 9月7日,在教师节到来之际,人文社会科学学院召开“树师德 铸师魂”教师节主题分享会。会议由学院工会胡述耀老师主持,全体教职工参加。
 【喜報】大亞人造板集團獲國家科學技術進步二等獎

--------

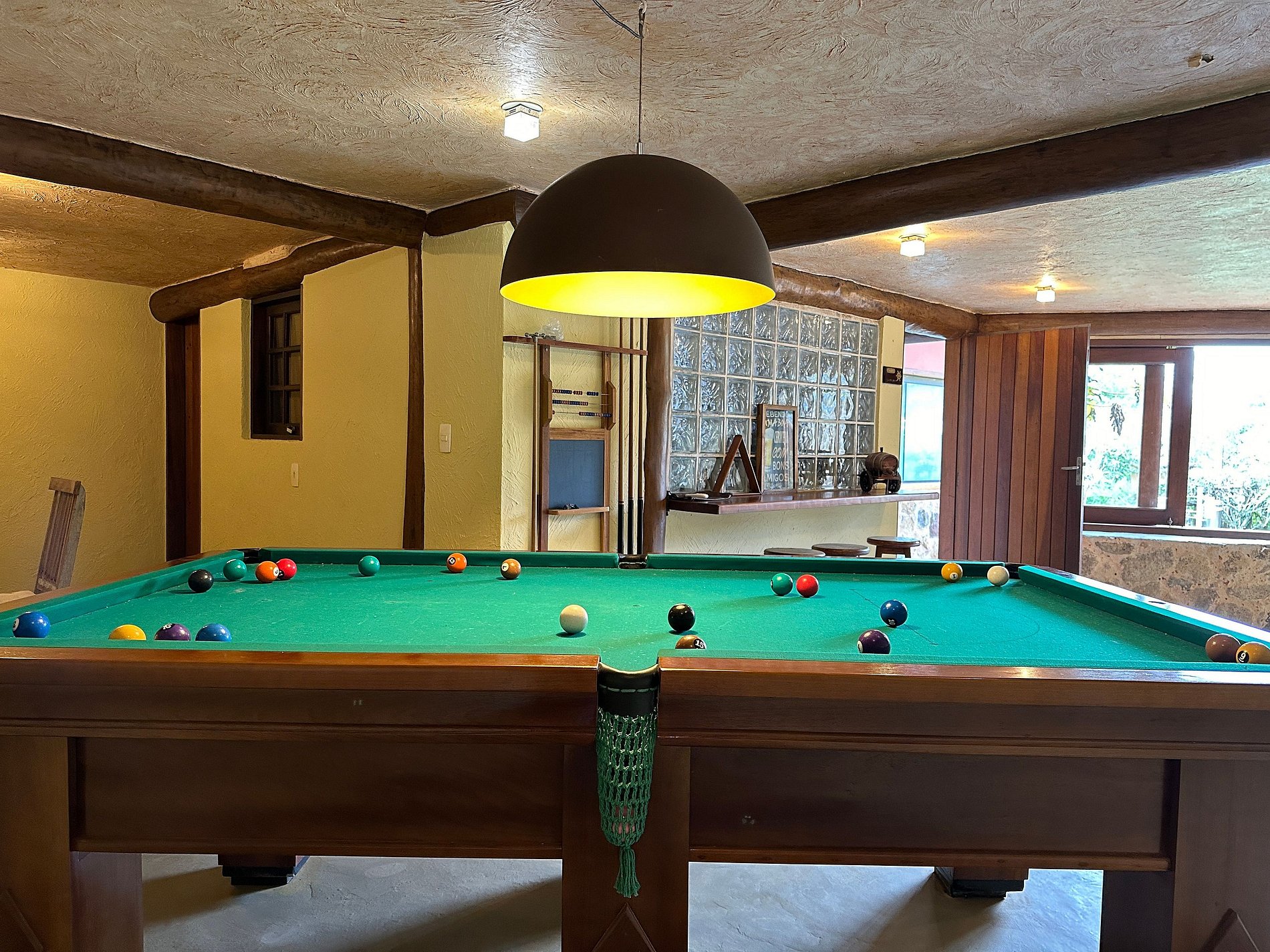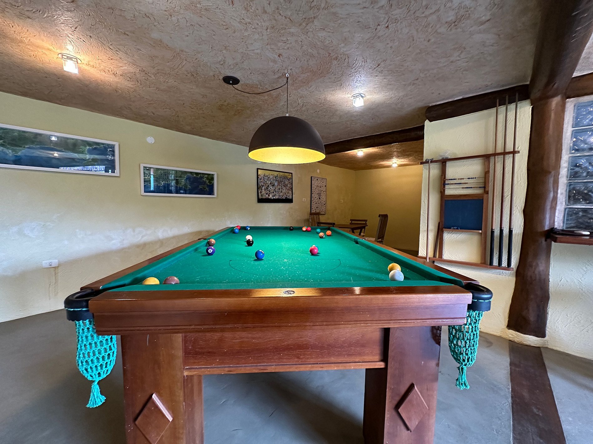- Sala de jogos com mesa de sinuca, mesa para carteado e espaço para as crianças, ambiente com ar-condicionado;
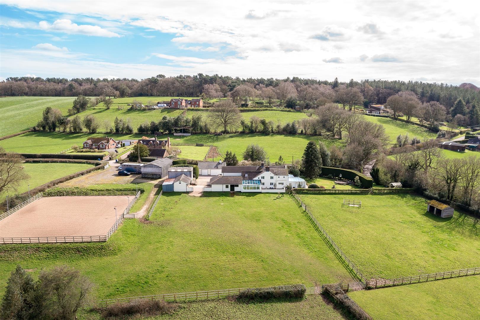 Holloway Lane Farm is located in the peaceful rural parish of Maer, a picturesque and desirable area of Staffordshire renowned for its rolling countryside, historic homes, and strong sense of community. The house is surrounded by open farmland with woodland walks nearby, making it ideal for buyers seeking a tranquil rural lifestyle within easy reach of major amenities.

--------

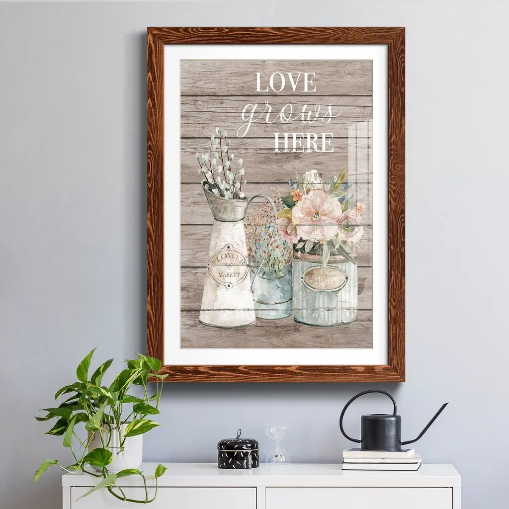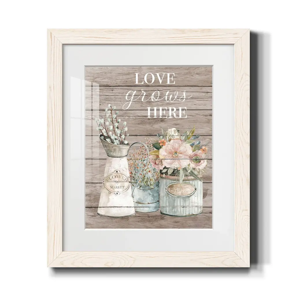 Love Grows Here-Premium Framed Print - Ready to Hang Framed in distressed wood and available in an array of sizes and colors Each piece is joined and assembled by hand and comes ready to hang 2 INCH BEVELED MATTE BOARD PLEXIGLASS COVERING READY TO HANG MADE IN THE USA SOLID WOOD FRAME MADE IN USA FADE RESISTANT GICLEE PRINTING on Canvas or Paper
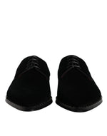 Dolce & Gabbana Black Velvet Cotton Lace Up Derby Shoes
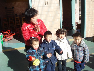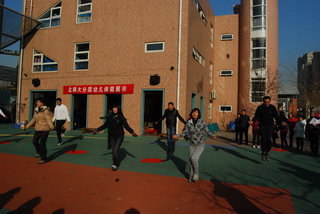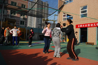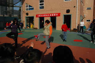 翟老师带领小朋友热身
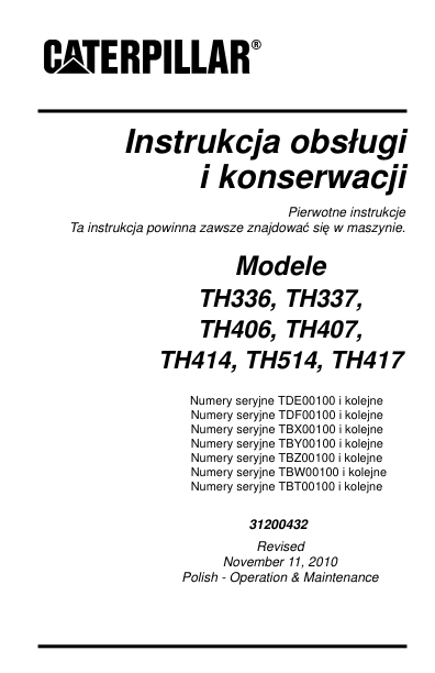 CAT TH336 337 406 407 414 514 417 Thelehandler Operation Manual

--------

REQUIREMENT » Only the lines between the one with "Dolce & Gabbana" and the one with "CAT TH336 337", those two included, get copied from the material above. Keep it exact and free of pictures.

RESPONSE TO THIS TASK »
 Dolce & Gabbana Black Velvet Cotton Lace Up Derby Shoes
 翟老师带领小朋友热身
 CAT TH336 337 406 407 414 514 417 Thelehandler Operation Manual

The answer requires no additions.